A to Z Challenge: Fictional Favorites, Day 10

J is for — Jane from Charlotte Bronte’s Jane Eyre.

I first read Jane Eyre in junior high English. It was on one of those required reading lists containing books that, for my age group, were more often than not, shall we say… uninteresting. I fully expected Jane Eyre to fall into that category, and because it was the thickest book on the list, decided to read it first to get it out of the way. To my amazement, I discovered that I actually liked it and soon became engrossed in the travails of Jane and Mr. Rochester, and the mystery at Thornfield. I learned a valuable lesson from the experience: read before you judge.

Jane has so many wonderful qualities — honesty, forthrightness, courage. I love her perseverance, her resilience, and her kindness in forgiving those who have wronged her. She is a great reminder to a world that glorifies perfect faces and bodies that it is beauty on the inside that counts.

Of the six movie versions I’ve seen, I think I like the 2006 BBC Masterpiece Theater production with Ruth Wilson and Toby Stephens the best. They have great chemistry, and everything is well done — the brooding atmosphere, the harrowing suspense, and romantic tension with scenes that aren’t overdone. Wilson is perfect as Plain Jane, both strong and vulnerable. There are moments after her encounters with Mr. Rochester when she positively glows, no longer plain but young and pretty and in love.
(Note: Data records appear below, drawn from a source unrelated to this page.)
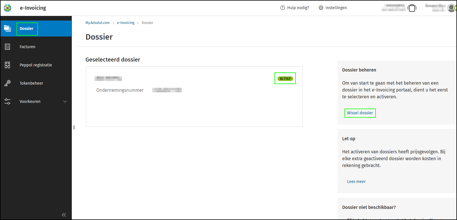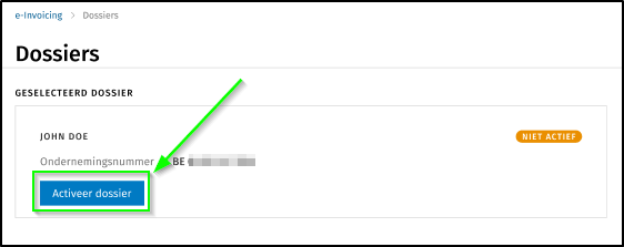 Let op, een toegevoegd dossier wordt NIET automatisch geactiveerd voor gebruik op het e-Invoicing portaal.
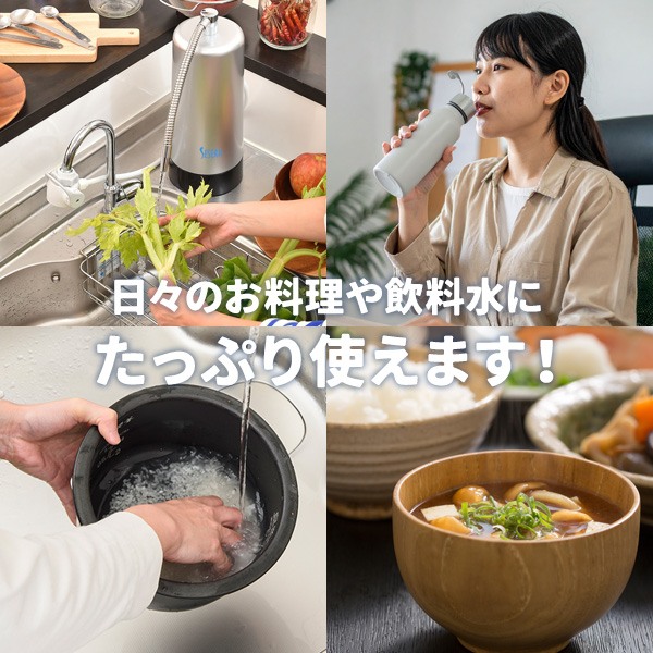 物質名 総ろ過水量 遊離残留塩素 8000L 浄水能力 濁り 8000L CAT(農薬) 8000L 2MIB 8000L ※JIS S3201試験結果に基づく、除去率80%以上の総ろ過水量
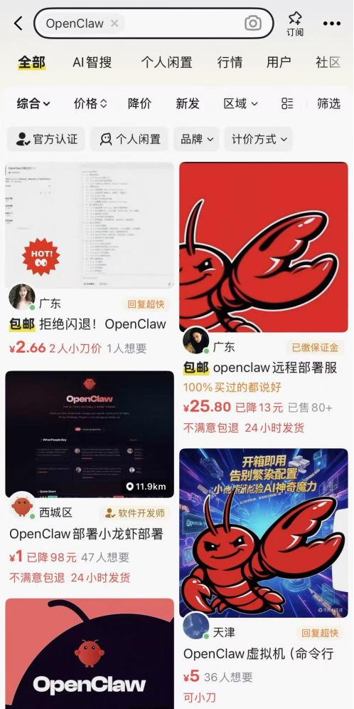 OpenClaw實(shí)現(xiàn)了AI智能體從“交互對(duì)話(huà)”到“自主執(zhí)行”的突破,能夠直接替用戶(hù)完成文件管理、郵件收發(fā)、數(shù)據(jù)分析等實(shí)際任務(wù)。由于其功能強(qiáng)大且部署需要一定技術(shù)門(mén)檻,閑魚(yú)等平臺(tái)涌現(xiàn)出大量“上門(mén)裝龍蝦”“代養(yǎng)龍蝦”的付費(fèi)服務(wù);騰訊、百度等科技企業(yè)相繼推出一鍵部署方案,甚至出現(xiàn)千人排隊(duì)等候部署的場(chǎng)面。此外,深圳、無(wú)錫等地推出“政務(wù)龍蝦”應(yīng)用,先后出臺(tái)“龍蝦十條”“龍蝦十二條”等支持政策,“養(yǎng)龍蝦”的熱度持續(xù)攀升。
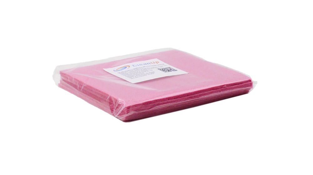 Стосовно форми випуску та упаковки, найчастіше віскозні серветки "Clean Up" продаються наборами (пачками), що містять декілька штук, наприклад, три або п'ять штук в одній упаковці. Вони можуть бути різних кольорів, таких як жовті або рожеві, що є зручним для кольорового кодування під час прибирання різних зон у приміщенні. Поширений розмір для таких серветок становить близько 30x30 см, хоча можливі й інші варіанти.
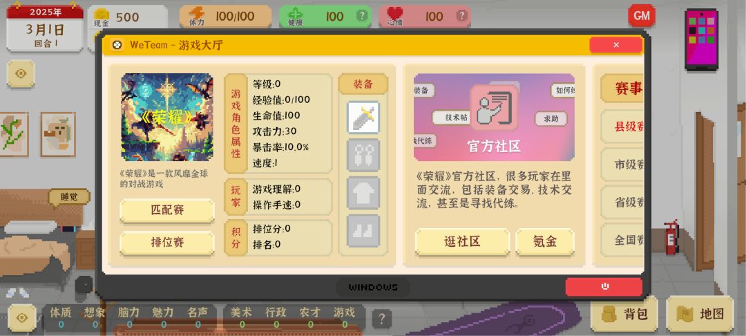 可以看到,游戏系统东西还是挺多的,游戏系统中还多了“游戏理解”和“操作手速”的属性,这些属性直接关联到“走位”“格挡”“特殊操作”等操作的成功率。
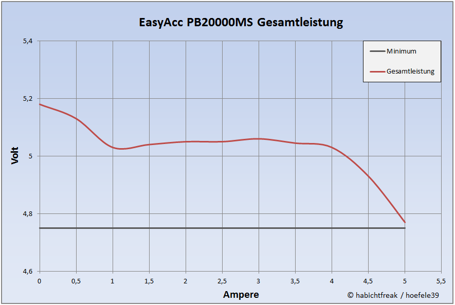Zur Beurteilung der Leistungsfähigkeit ziehen die meisten Tests nur die abgegebene Ladung heran. Diese Werte sind leider in keinster Weise untereinander vergleichbar, denn die Spannung der Powerbank kann zwischen 4,50 V und 5,50 V liegen. Stecken in den Akkus 20 Wh, dann lassen sich daraus ohne Berücksichtigung des Wirkungsgrades bei 4,5 V bis zu 4.4 Ah messen, wohingegen es bei 5,5 V nur 3.6 Ah wären. Aus diesem Grund messe ich nicht nur die Ladung, sondern auch die elektrische Energie. Nur Letzteres wird zur Beurteilung der Leistungsfähigkeit herangezogen.
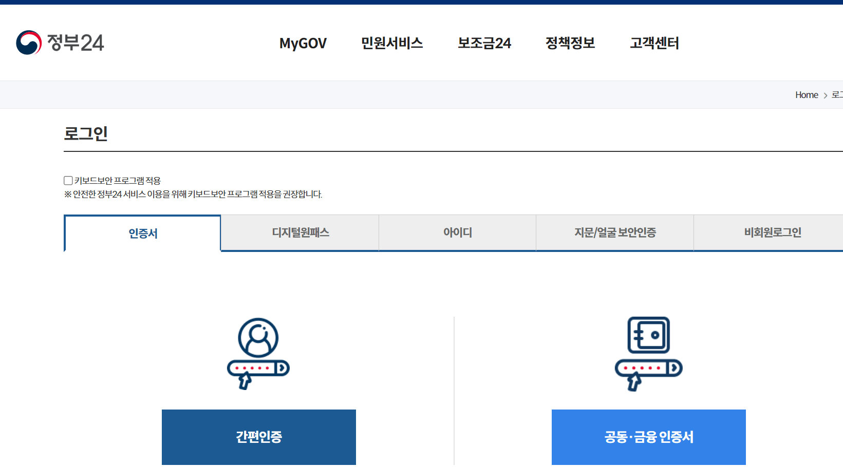 회원으로 신청하기를 눌러준 다음에(비회원으로 진행하셔도 큰 상관은 없습니다) 아래와 같이 화면이 뜰 텐데 인증서, 디지털원패스, 아이디 등 자신이 원하는 방법으로 로그인하시면 됩니다.
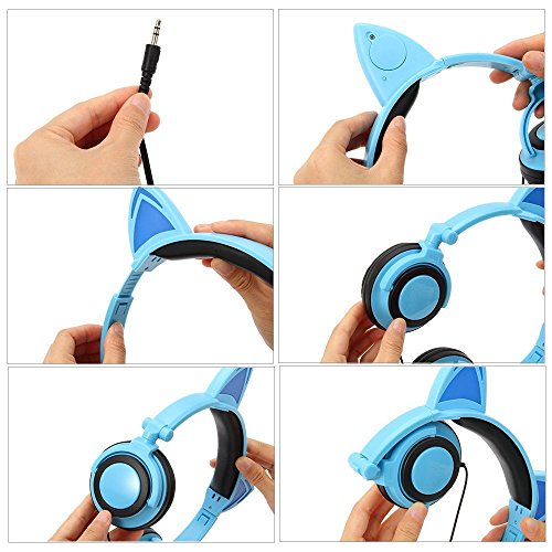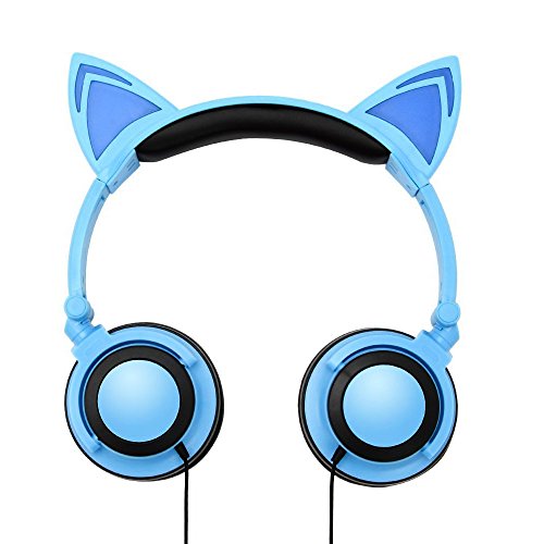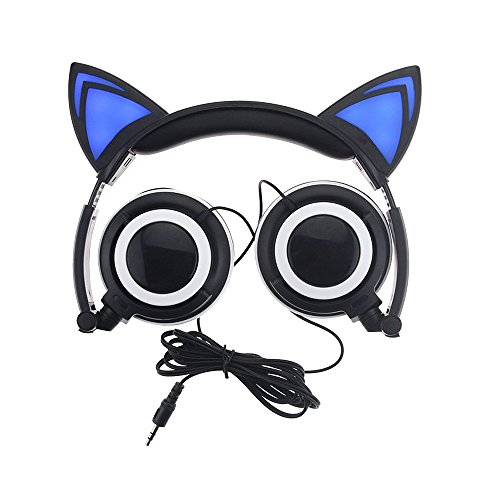 JankoPalise Cat Ear Headphone, Foldable Flashing Glowing Gaming Cat Headset Earphone With LED light For PC Laptop Computer Mobile Phone (blue)
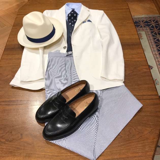 清涼感のあるシアサッカーのパンツにボルサリーノを被り2枚目にスタイリング致しました。
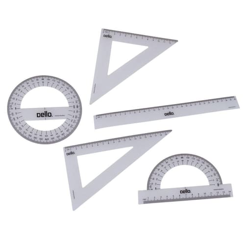 O Kit de réguas Dello é completo para desenho escolar 1º e 2º grau. É composto por 01 Régua de 30cm , 01 Transferidor 180°, 01 Transferidor 360°, 01 Esquadro 60°, 01 Esquadro 45°. São produzidos em chapa PP laminada flexível. Tudo de forma prática para o seu dia-a-dia.
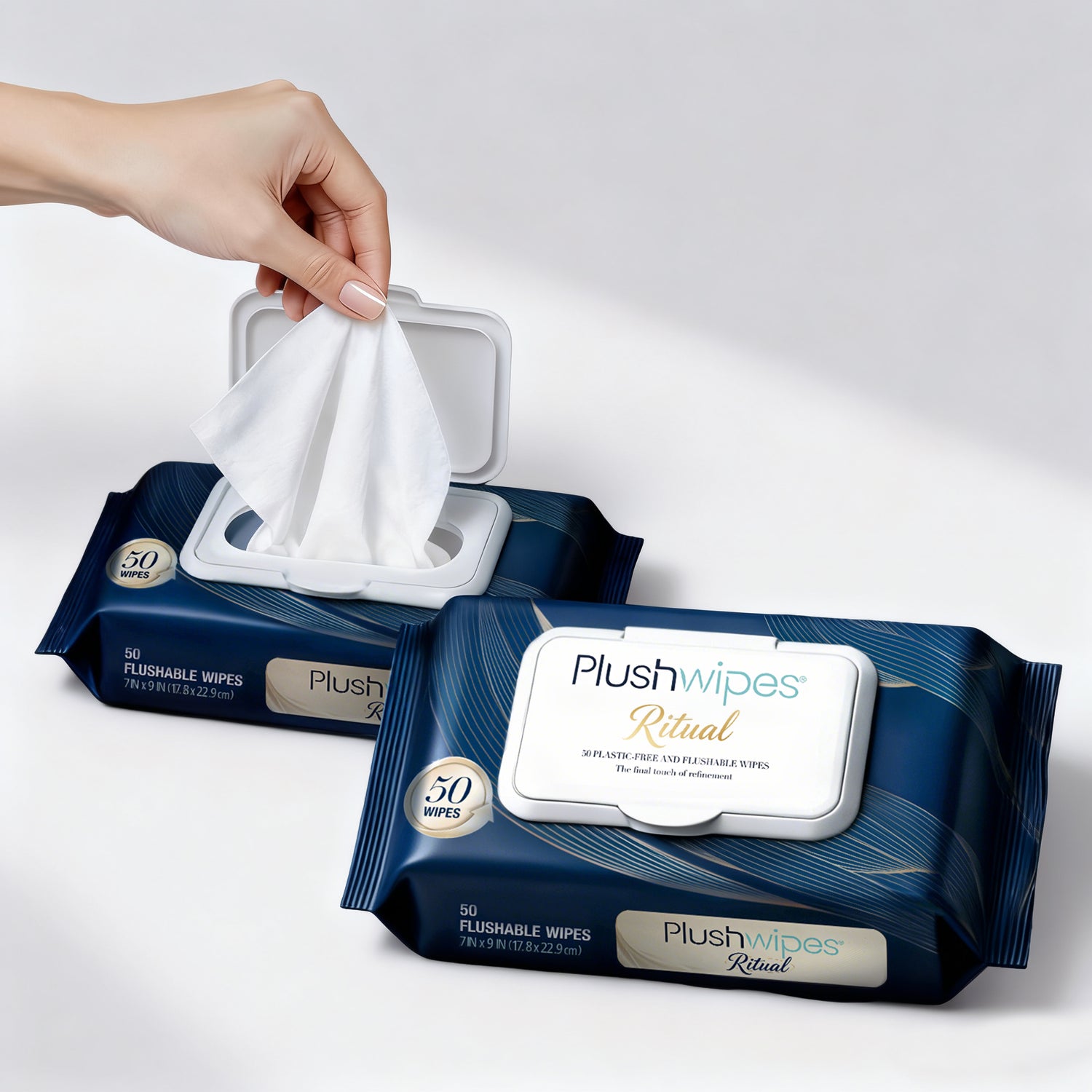 Plushwipes Ritual 50ct Flushable Wipes 4-Pack, 200 Wipes, Larger, Luxurious, Witch Hazel Infused
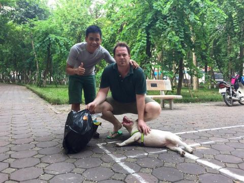 Theo anh Giáp, cứ chiều hàng ngày hoặc buổi sáng cuối tuần, Ben cùng chú chó lại phóng xe máy vào công viên Linh Đàm để nhặt rác. Người đàn ông nước ngoài dùng cốp xe của mình làm... thùng rác.
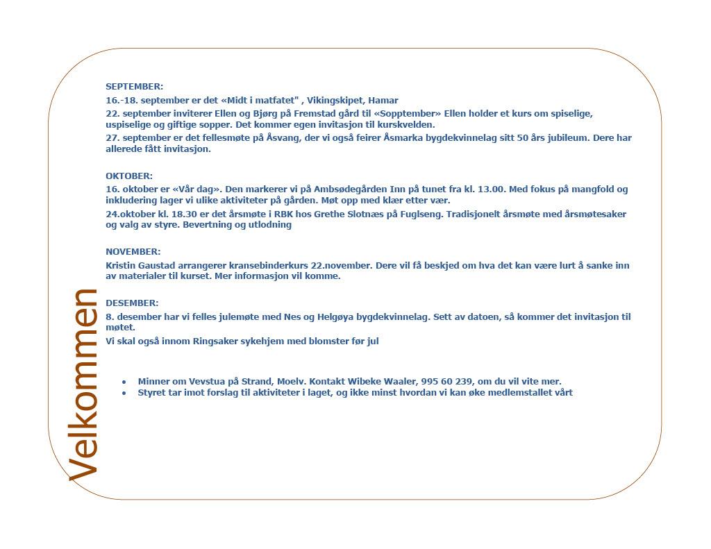 Forside Om Ringsaker Bygdekvinnelag Styret i Ringsaker bygdekvinnelag - Vevstua Referater Årsmeldinger fra år til år Previous Next Årsplan høst 2022 Her er høstens aktiviteter! Ringsaker Superbruker · 20. september, 2022 Håper du finner noe du vil delta på. Like 1598 Del på:
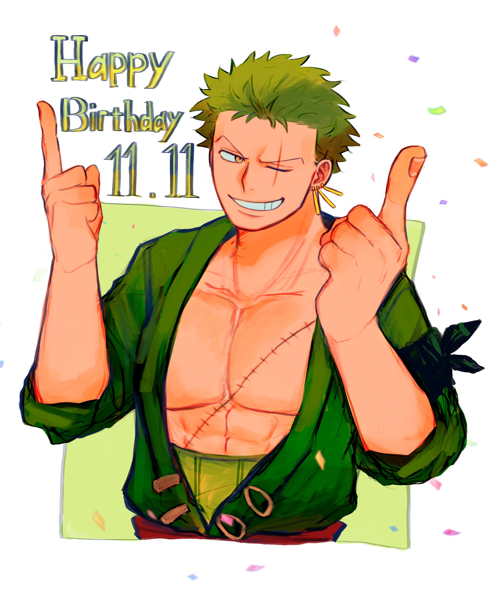 1boy aoiaoba0316 cropped_torso dated green_hair grin happy_birthday highres index_finger_raised japanese_clothes kimono male_focus one_piece open_clothes open_kimono pectoral_cleavage pectorals roronoa_zoro scar scar_across_eye scar_on_face short_hair smile solo
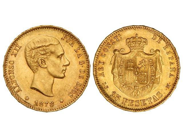 PESETA SYSTEM: ALFONSO XII - 25 Pesetas. 1878 (*18-__). D.E.-M. (Pequeñas rayitas en anverso). EBC-.
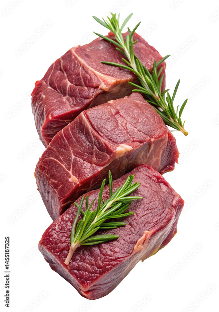 Three Raw Beef Steaks with Fresh Rosemary Sprigs Isolated on transparent background Delicious Red Meat Culinary Photography
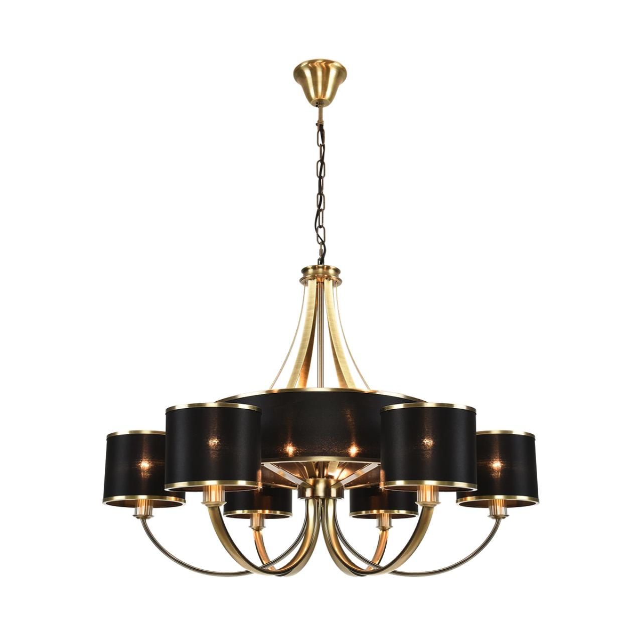 Респектабельная и утонченная линия DEMETRA не доминирует в пространстве, но задает тон, подчеркивая статусность интерьера. Черный цвет абажуров добавляет строгости, а металл цвета античная броназ — тепла и гостеприимства. Конструкция состоит из центрального стержня, плавно переходящего в разветвленную основу, которая поддерживает несколько рожков. В центральной части три незаметные лампы G9, которые наполняют теплым светом большой абажур. Внутри каждого малого абажура легко помещается лампа Е14. Форма симметрична, что создает ощущение гармонии и уравновешенности. Сочетание «теплого» металла и «холодного» черного текстиля создает выразительный эффект, делая люстру универсальной для разных интерьеров.
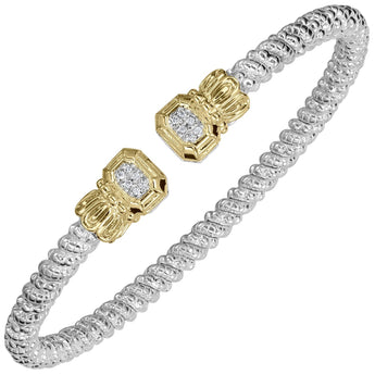 Dazzling diamonds and regal crown motifs make a refined statement on our open bracelet. Crafted in 14K gold and sterling silver, a Moiré Beaded® pattern enhances the look with exquisite textural detailing.

Stephens reminds me of a rougher Hugh Jackman, with enough presence and just enough attractiveness, but not too much, to keep things interesting.

Ruth Wilson and Toby Stephens as Jane Eyre and Edward Rochester in Jane Eyre, BBC, 2006

Ruth Wilson and Toby Stephens as
Jane Eyre and Edward Rochester
in Jane Eyre, BBC, 2006
Photo Credit: http://www.bbc.co.uk


17 thoughts on “A to Z Challenge: Fictional Favorites, Day 10

  1. I agree that Jane is a strong and interesting character. Have you read The Tenant of Wildfell Hall, by Jane’s sister Anne Bronte? It’s my favourite book from the Brontes, and features another great heroine.


  2. As soon as I saw what your post was about I thought of Ruth Wilson. So glad we agree on the best adaptation! Though I liked Samantha Morton too – can’t remember who her Rochester was.


  3. I’m reading Jane Eyre right now and I’m absolutely loving it! Kindle says I have about an hour and a half left to read and oh, I don’t want to see it go away. The film adaptation you suggest is actually exactly how I imagined Mr. Rochester! After I finish with the book, I’ll definitely give this film a look. Thanks! ^__^


  4. I love Jane Eyre, and I completely agree the 2006 Adaptation is great and seems really under appreciated. I thought they really got the emotions across, and Toby Stephens for me seemed the perfect Rochester, eccentric and brooding, with enough charm to pull off Rochester’s stranger qualities.